Friday, September 28, 2012

Wretched and poor

Romans 7:24-25 "O unhappy and pitiable and wretched man that I am! Who will release and deliver me from [the shackles of] this body of death? O thank God! [ He will!] through Jesus Christ our Lord!"

Is it just me, or does anyone else feel like the wretched fools that we really are? When you wake up and wonder where in God's sweet name you have ended up...were you this broken all along or did you miss a sign that everyone else seemed to see and follow? I have wondered this many, MANY times in the course of the last three years, and I have come to the conclusion of this one thing that the Apostle Paul sums up perfectly in Romans 7:24 as he talks about the war waging between his flesh and spirit: "O wretched man that I am! Who can save me from this body of sin?" and then proceeds to thank God- because HE WILL!

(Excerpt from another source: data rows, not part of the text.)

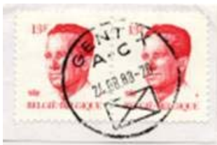
Kantoornaam met daar onder de letter(s) en onderaan een "enveloppe"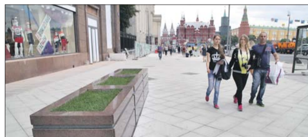
На некоторых участках улицы уже можно пройти по новому тротуару

По словам Гезе, серый гранит привезут из Санкт-Петербурга. Также было очень важно правильно подобрать деревья, которые справлялись бы с суровым климатом.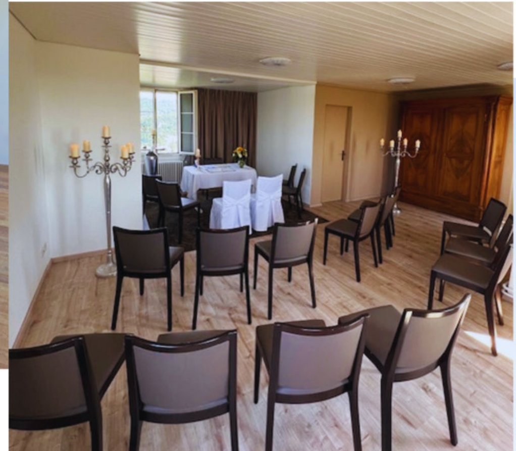
Traulokal "Traustube" bis 15 Gäste (plus Hochzeitspaar und Trauzeugen)

Heiraten hoch über Wettingen, im altehrwürdigen Schloss Scharnenfels mit angrenzendem Restaurant. Die Traulokale bieten einen prächtigen Blick über das Limmattal.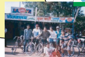
自転車チームの 兄ちゃんたち（インド）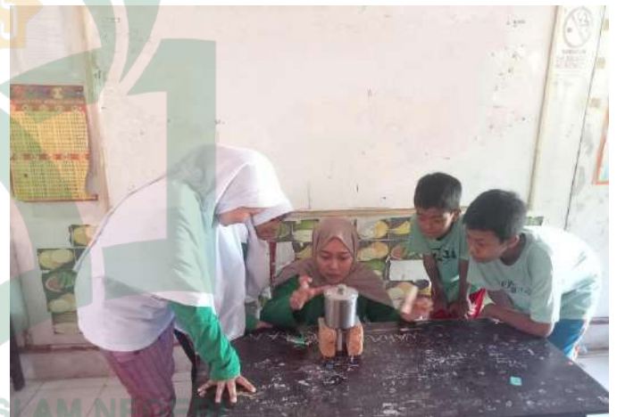
Perwakilan Setiap Kelompok Diminta Untuk Melakukan Percobaan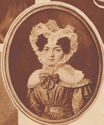
Die Mutter des Obersten, eine geborene de Courten.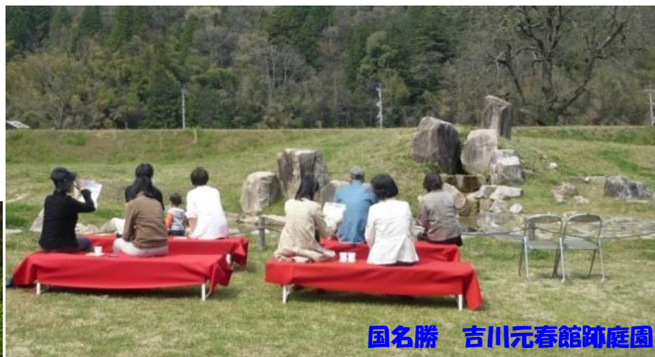
国名勝 吉川元春館跡庭園

② 吉川元春館跡(北広島町海応寺) 昔の遊び、石臼体験、ほたるかご作り体験会有 両会場とも参加無料・お茶の接待有 戦国の庭 歴史館は入館無料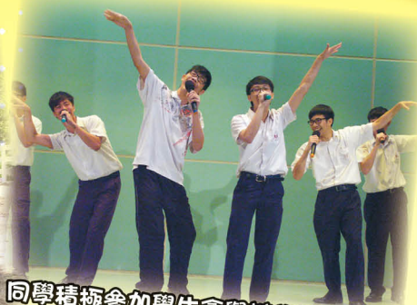
同學積極參加學生會舉辦的歌唱比賽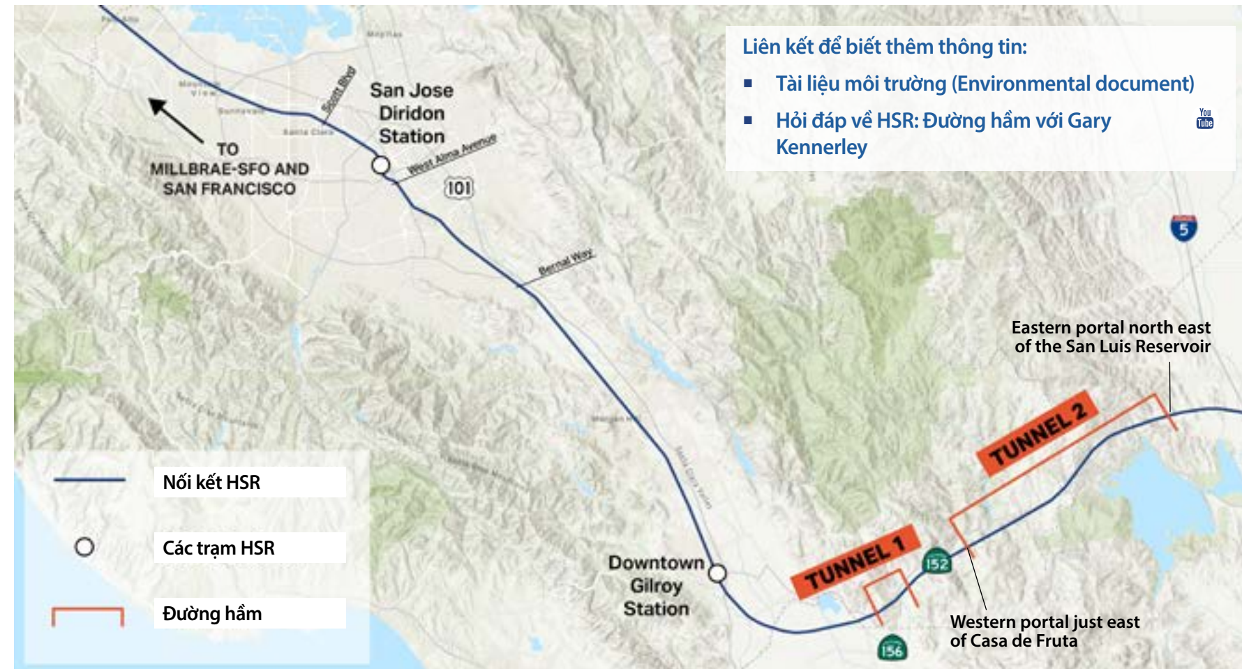
Hình 3. Bản đồ cho thấy vị trí của Đường hầm 1 ở phía đông Gilroy và Đường hầm 2 xuyên qua Đèo Pacheco.

For so so long I have striven to be perfect enough, holy enough, sane enough, faithful enough...or just plain ENOUGH. I have found myself  recently waking up in the middle of the night, heart pounding, mind racing, fighting tears and just wondering "am I okay?" Like a child who has tripped and fallen, scraped their knees and shins, stands up assessing their situation and wonders if they should cry-if they are okay- or just to continue playing.

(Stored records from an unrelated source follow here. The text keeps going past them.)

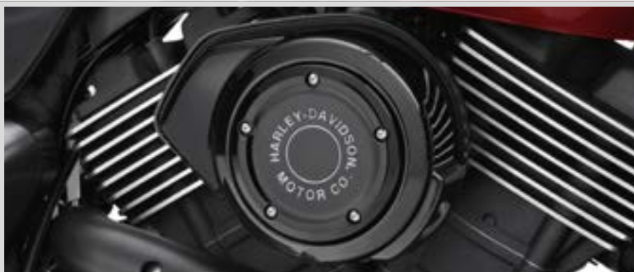
H. HARLEY-DAVIDSON MOTOR CO. KOLLEKTION – SCHWARZ MIT CHROM-SCHRIFTZUG – LUFTFILTER-ZIERBLENDE

25700308 Medaillon linke Seite. Für XG Modelle ab '15.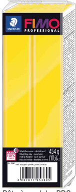
Pâte à modeler PROFESSIONAL, jaune pur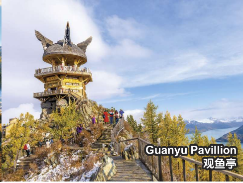
Guanyu Pavilion 观鱼亭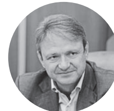
Александр Ткачев министр сельского хозяйства РФ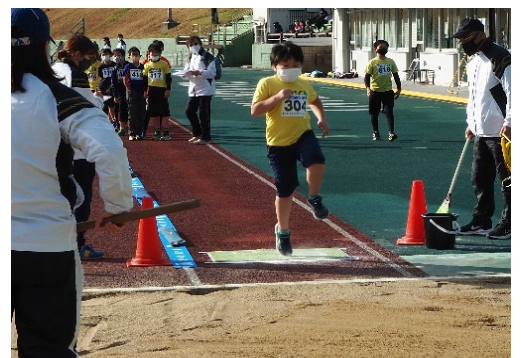
▲かけっこ Fesの様子(北九州市立鞆ヶ谷競技場)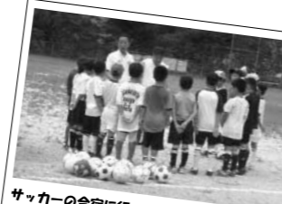
サッカーの合宿に行ってきました (8/29)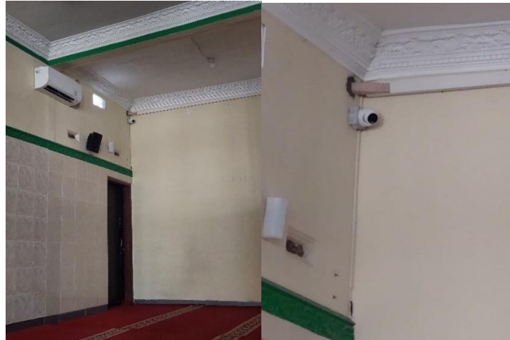
Gambar 5 CCTV Titik Ketiga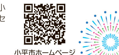
小平市ホームページ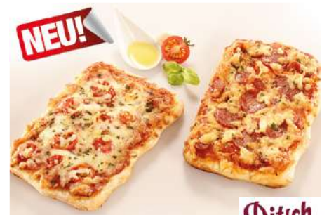
72252 PREMIUM PIZZA-SCHNITTE SALAMI Teigling, vorgegärt, TK, 2 x 12 Stk. à 196 g/Karton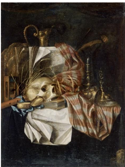
Cornelis Norbertus Gysbrechts, Vanitas , XVII e , Huile sur toile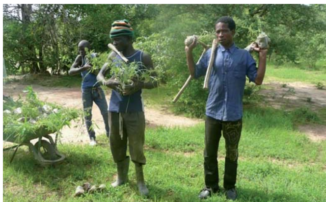
Le projet de reforestation est engagé à Méguet.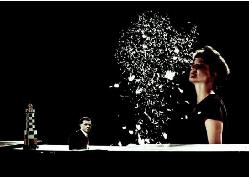
Une Chair Périssable 2015 théâtre de matière à partir de 16 ans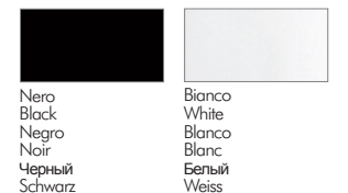
Nero Black Negro Noir Черный Schwarz Bianco White Blanco Blanc Белый Weiss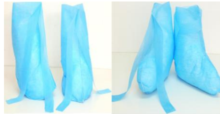
BOTA CON PLANTILLA: AZUL BOTA SIN PLANTILLA: AZUL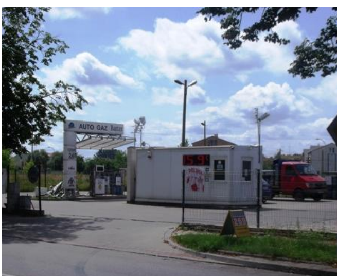
Stacja CPN „Pronar” przy ul. Białostockiej. Stacja „AutoGaz” przy ul. 3 Maja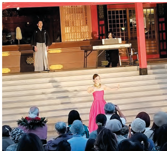
フラダンスと声楽の共演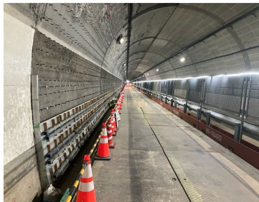
トンネル覆工内巻き工 作業状況(全景写真)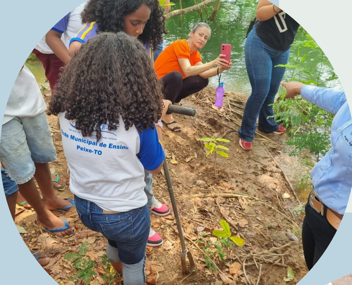
Plantio de mudas de espécies nativas

I focus on my failures- my rage, my anger, my bitterness, my SHAME and I wonder- Am I okay? I look down and see that my clothes are torn, my knees and shins are bruised and bleeding-don't even ask about the condition of my heart! God- am I okay? Am I going to make it? Do you accept me even though there are remnants of bitterness? Even though I am judgmental and critical of others?

In order to make any sort of progress, we HAVE to accept who we are and where we are. There is some intense freedom when we realize how broken and messed up we truly are-we are prone to sin and failure on a daily if not hourly basis. Yet-Jesus says we are clothed in righteousness, accepted, wanted, loved WITHOUT condition. So how do we reconcile the polarity of our situation? recognizing that we are wretched and poor in our sinful nature, yet clothed in righteousness, redeemed, CLEAN and WHOLE? I think it is actually simpler than we make it- we just accept it. We recognize who we are and what we are prone to without Jesus, and at the same moment, we accept who we are BECAUSE of Him.

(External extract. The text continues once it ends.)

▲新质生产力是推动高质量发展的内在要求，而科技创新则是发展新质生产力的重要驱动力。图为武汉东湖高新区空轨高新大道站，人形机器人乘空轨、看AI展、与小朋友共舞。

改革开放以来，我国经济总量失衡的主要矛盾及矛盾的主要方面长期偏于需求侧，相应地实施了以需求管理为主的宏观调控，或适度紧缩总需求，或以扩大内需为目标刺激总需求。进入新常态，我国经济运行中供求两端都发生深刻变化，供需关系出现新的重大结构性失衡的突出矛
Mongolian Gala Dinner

He is glorified in our weaknesses as we lean on Him. He makes us more like Him as we lean on Him. The devil wants us to waste ample time focusing on the wretched fools that we are when Jesus wants us to focus on who He is and who we are IN Him.

I write as if this is second nature to me- but the opposite is true. I easily reject myself and all that God says about me in light of my failures and this is something that I am definitely working to root deep in my heart. When I mess up as a wife or mom, my husband comes over and gives me a hug and what is my response? To walk away-to shun myself as punishment. Think about it- if the enemy can get us to think about how awful we are, if he can get us to reject the gift that has been freely given, then our foundation is going to be on sinking sand- because we can count on nothing other than the redeeming, perfect, unconditional love of God!